BACKGROUND OF THE INVENTION

1. Field of the Invention

The present invention relates to a control circuit for assisting operator effected storage of a hydraulically operated articulated work arm into an “over center” storage position. By permitting simplified operation of the work arm into the storage position, the functionality of the apparatus is increased. The control circuit includes an electrically operated valve, which may be a solenoid valve, that is operably connected to the hydraulic operating system of the work arm. Further, the control circuit includes a controller for the solenoid so that operation of the work arm into various selected positions is simplified.

2. Description of Related Art

Mobile construction equipment such as tractors outfitted with a hydraulically operated articulated work arm carrying any one of a variety of attachments are used for a wide variety of applications. In particular, they are critical machines in the construction of buildings, transportation channels, and almost any other man-made structure. A practical matter involves the transport of such equipment, such as, for example, a backhoe between the physical locations where it will be used.
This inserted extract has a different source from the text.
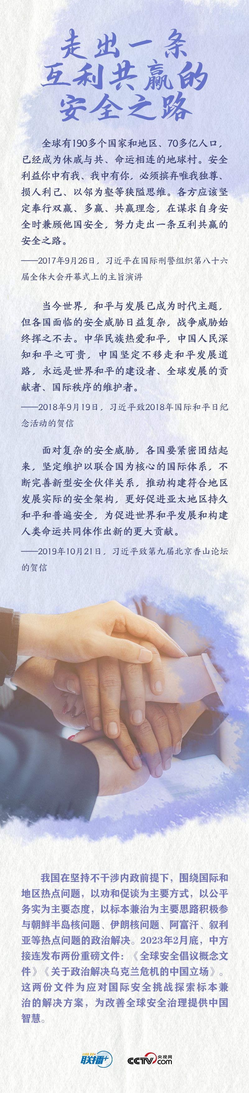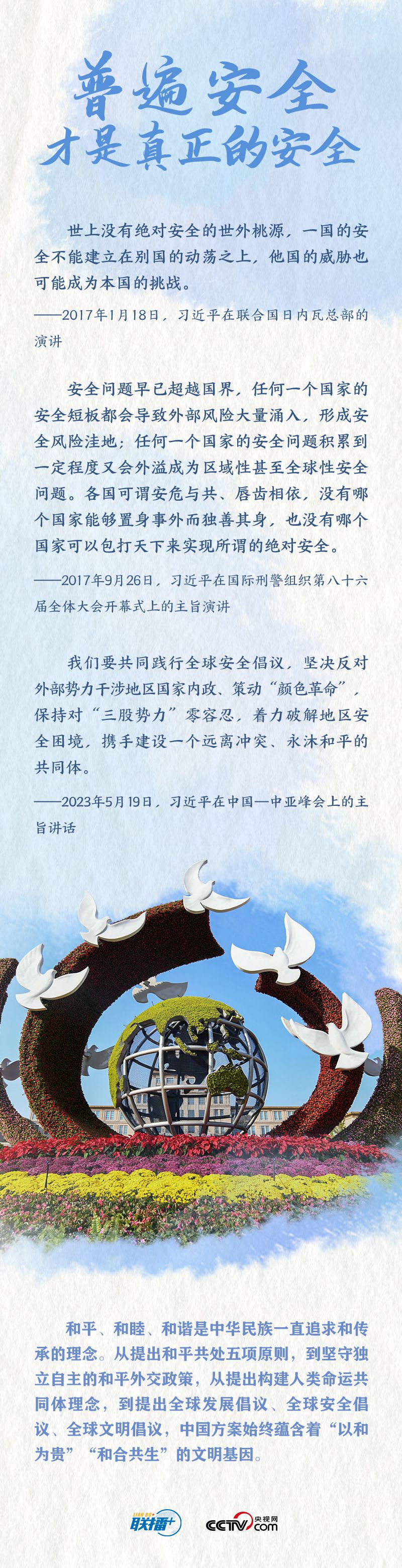 從2014年在亞信第四次峰會上提出亞洲安全觀,到2016年在二十國集團杭州峰會期間闡述中國的新安全觀,從2017年在聯合國日內瓦總部闡述如何建設持久和平、普遍安全的世界,到2022年提出全球安全倡議,習近平主席深刻洞察世界發展大勢,不斷發展和完善具有中國特色的安全理念,為破解全球安全困境指明前進方向、明確合作路徑。

If the equipment is driven to the desired location over roadways, difficulties associated with the weight distribution of the equipment often arise. In particular, the overhanging, leveraged weight of the backhoe linkage assembly increases the difficulty of controlling the equipment during transportation. The effective weight of the backhoe linkage assembly can affect equipment weight balance sufficiently such that the weight remaining on the front wheels is lessened and steering control and ride comfort may be compromised.
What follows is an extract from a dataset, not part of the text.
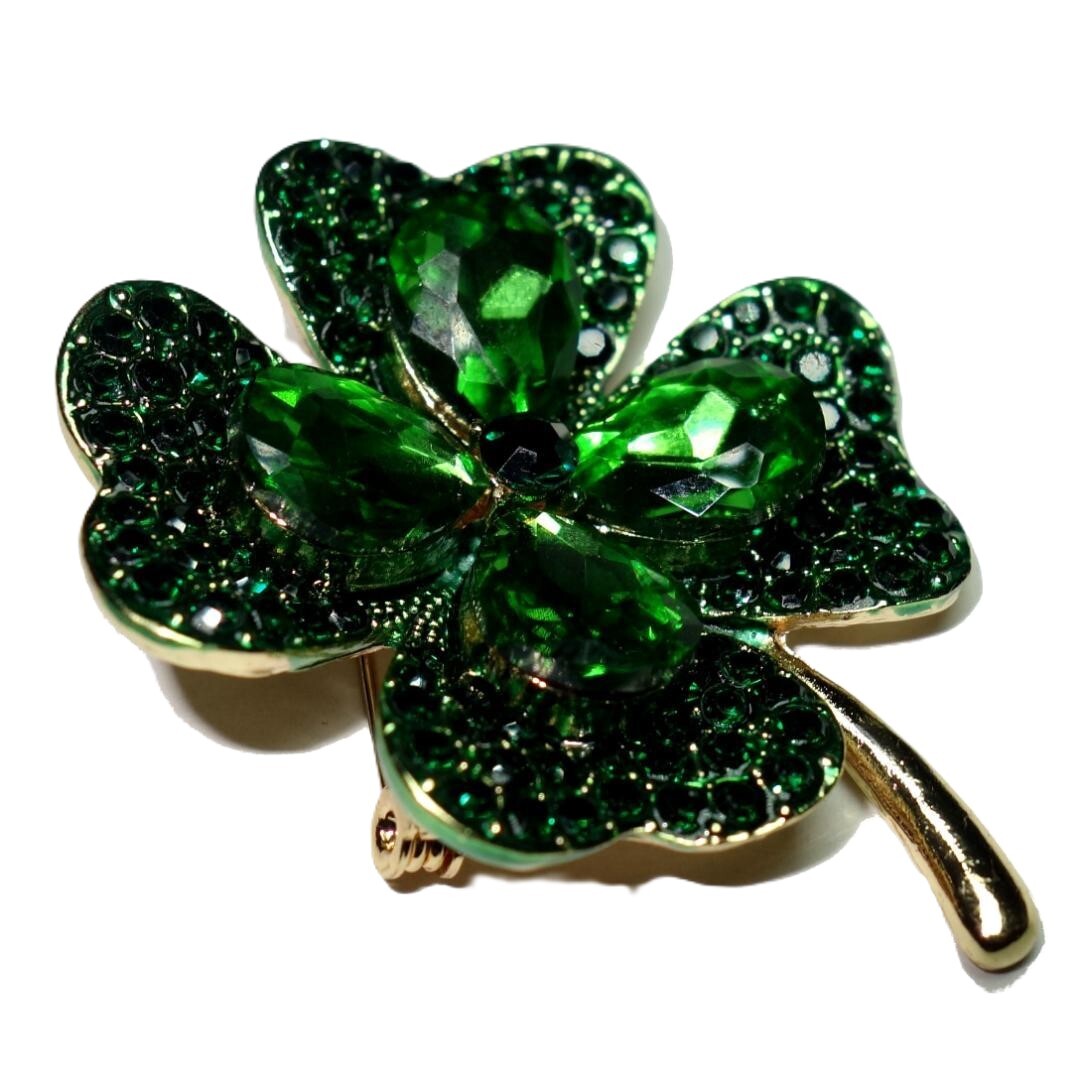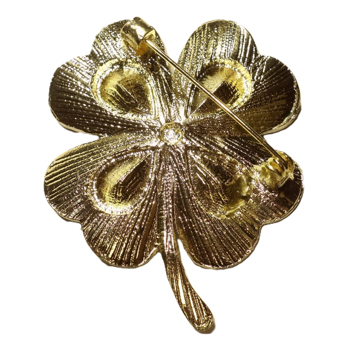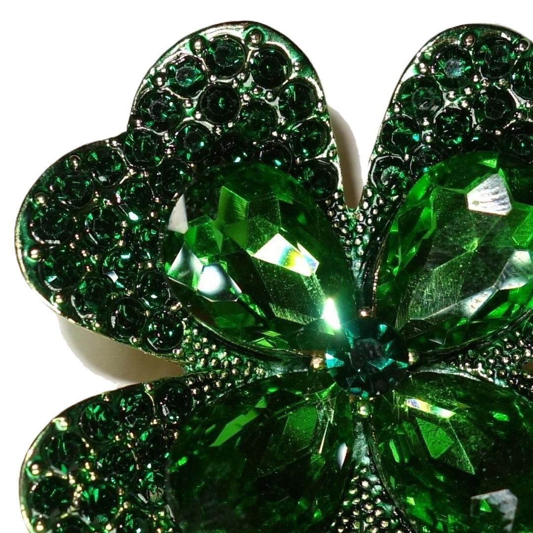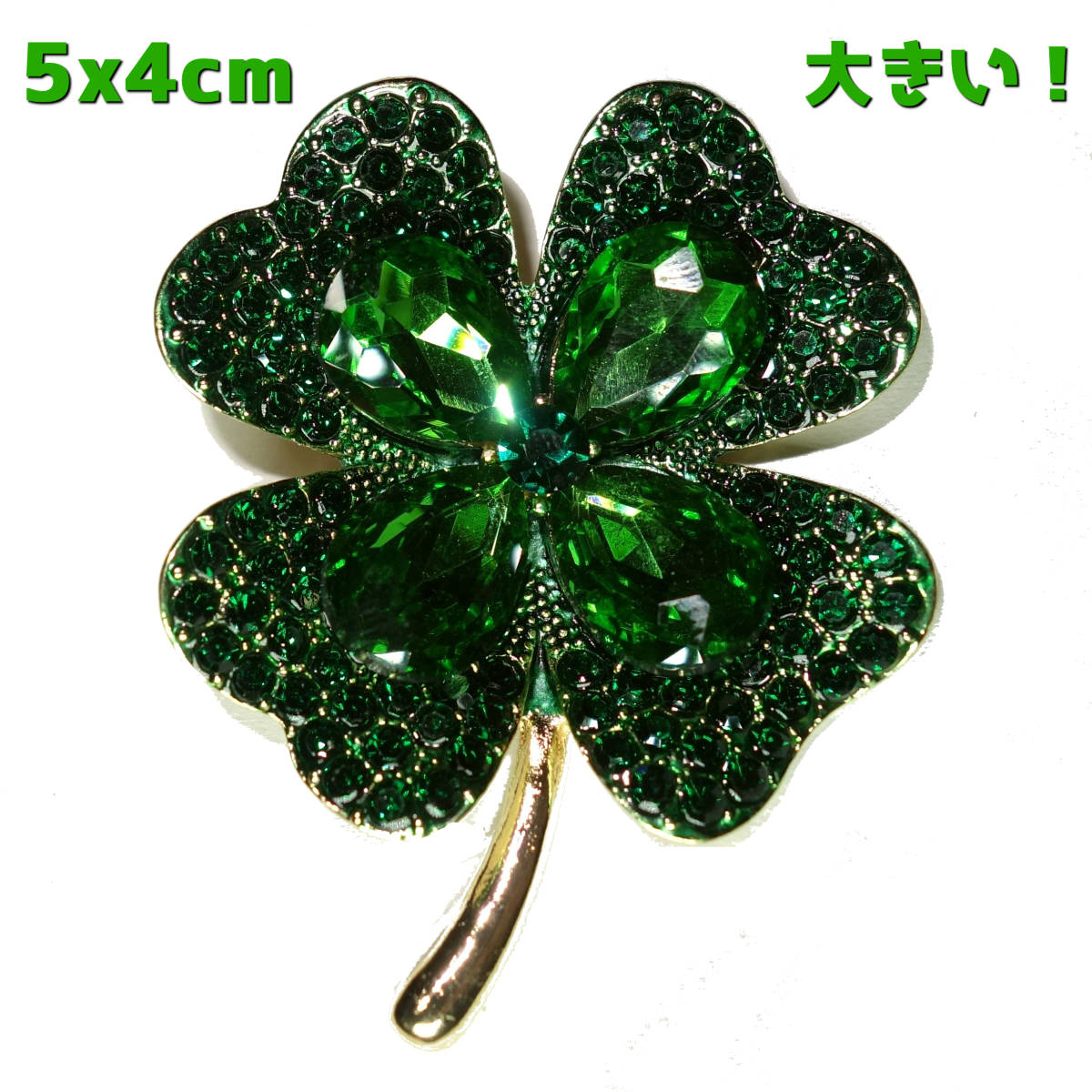 ビッグ 大きい! 緑色 四つ葉のクローバー クローバー ラインストーン ブローチ ピンブローチ ラペルピン ピンバッジ バッジ

To date, the most common approach to dealing with the undesirable weight distribution of this type of construction equipment is to add weight to the front of the machine to counter the weight of the backhoe linkage assembly. However, this solution is undesirable for several reasons. The additional weight causes the equipment to become more difficult to maneuver, especially in soft ground, more difficult to steer, and more clumsy to operate. In addition, fuel consumption is increased and the equipment cost effectiveness is decreased.
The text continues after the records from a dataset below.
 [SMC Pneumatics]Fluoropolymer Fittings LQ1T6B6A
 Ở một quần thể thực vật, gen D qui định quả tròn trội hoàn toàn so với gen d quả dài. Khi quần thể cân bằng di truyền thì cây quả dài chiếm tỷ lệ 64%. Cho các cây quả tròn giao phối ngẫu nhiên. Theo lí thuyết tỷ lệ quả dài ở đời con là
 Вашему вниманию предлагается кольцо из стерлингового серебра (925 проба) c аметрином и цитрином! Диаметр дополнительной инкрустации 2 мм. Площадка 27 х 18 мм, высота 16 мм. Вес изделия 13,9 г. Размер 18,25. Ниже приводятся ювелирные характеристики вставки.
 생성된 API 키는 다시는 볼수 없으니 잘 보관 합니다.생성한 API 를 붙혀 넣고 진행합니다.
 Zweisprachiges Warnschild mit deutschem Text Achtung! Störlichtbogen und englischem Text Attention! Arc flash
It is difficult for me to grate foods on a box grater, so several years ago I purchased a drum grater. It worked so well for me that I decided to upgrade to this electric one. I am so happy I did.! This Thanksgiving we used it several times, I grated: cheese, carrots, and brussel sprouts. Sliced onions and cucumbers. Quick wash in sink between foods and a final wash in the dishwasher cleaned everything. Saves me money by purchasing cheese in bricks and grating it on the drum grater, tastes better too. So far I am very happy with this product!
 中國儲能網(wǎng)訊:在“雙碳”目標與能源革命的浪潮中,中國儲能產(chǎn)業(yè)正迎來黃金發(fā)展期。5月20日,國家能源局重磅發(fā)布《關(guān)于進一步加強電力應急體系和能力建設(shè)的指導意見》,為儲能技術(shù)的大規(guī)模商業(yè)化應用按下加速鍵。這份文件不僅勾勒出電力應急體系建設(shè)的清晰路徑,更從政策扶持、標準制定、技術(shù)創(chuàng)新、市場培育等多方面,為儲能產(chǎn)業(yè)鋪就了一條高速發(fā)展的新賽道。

A more desirable solution to the problem of weight distribution has been to move the backhoe linkage assembly into a stored position where its weight is closer to the center of the equipment. For example, Case Corporation of Racine, Wisconsin builds backhoe-type machines with a distinctive feature, known as an “over center” system, that permits the weight of the backhoe to be moved closer to the center of the equipment, whereby the weight moment arm is reduced. By shifting the weight of the backhoe toward the equipment's center of gravity, the need for a front-end counter weight is eliminated. The “over center” position of the backhoe linkage assembly is frequently known as the “carry,” the “latched,” or the “transport” position. The “over center” system, as noted above, increases the maneuverability of the equipment, particularly in soft ground, and increases the stability of the equipment during road transportation.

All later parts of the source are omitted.